▶ [What is expected] Give again, word for word, the lines below that run from the line with "Astro, dam by" through the line with "School Uniform Girls". Drop the pictures.

━━━ Source material ━━━

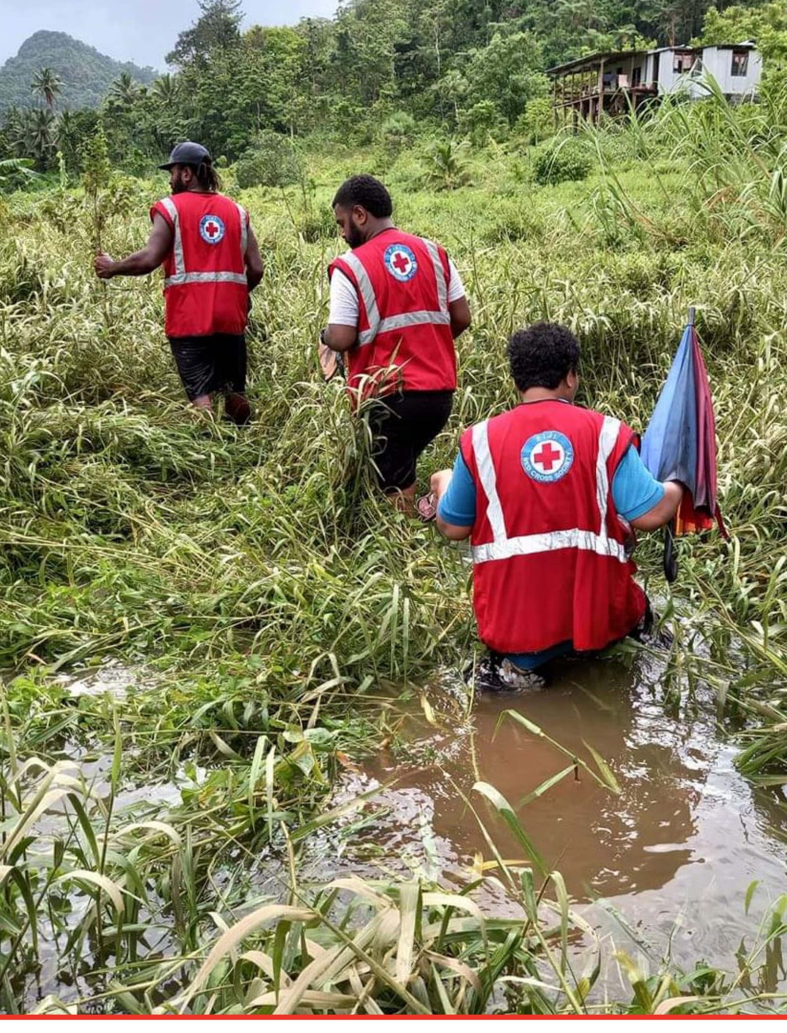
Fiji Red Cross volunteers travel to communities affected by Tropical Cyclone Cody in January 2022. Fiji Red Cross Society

━━━
━━━ Source material ━━━

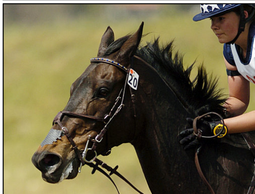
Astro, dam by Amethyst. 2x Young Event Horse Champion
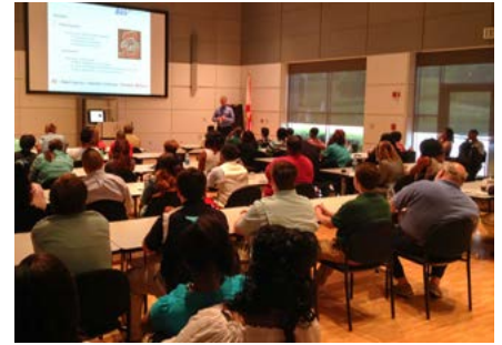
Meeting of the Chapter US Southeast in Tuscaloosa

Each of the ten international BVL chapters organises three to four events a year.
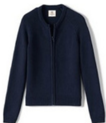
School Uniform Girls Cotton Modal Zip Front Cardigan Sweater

━━━

▶ [Response]
Astro, dam by Amethyst. 2x Young Event Horse Champion
Meeting of the Chapter US Southeast in Tuscaloosa

Each of the ten international BVL chapters organises three to four events a year.
School Uniform Girls Cotton Modal Zip Front Cardigan Sweater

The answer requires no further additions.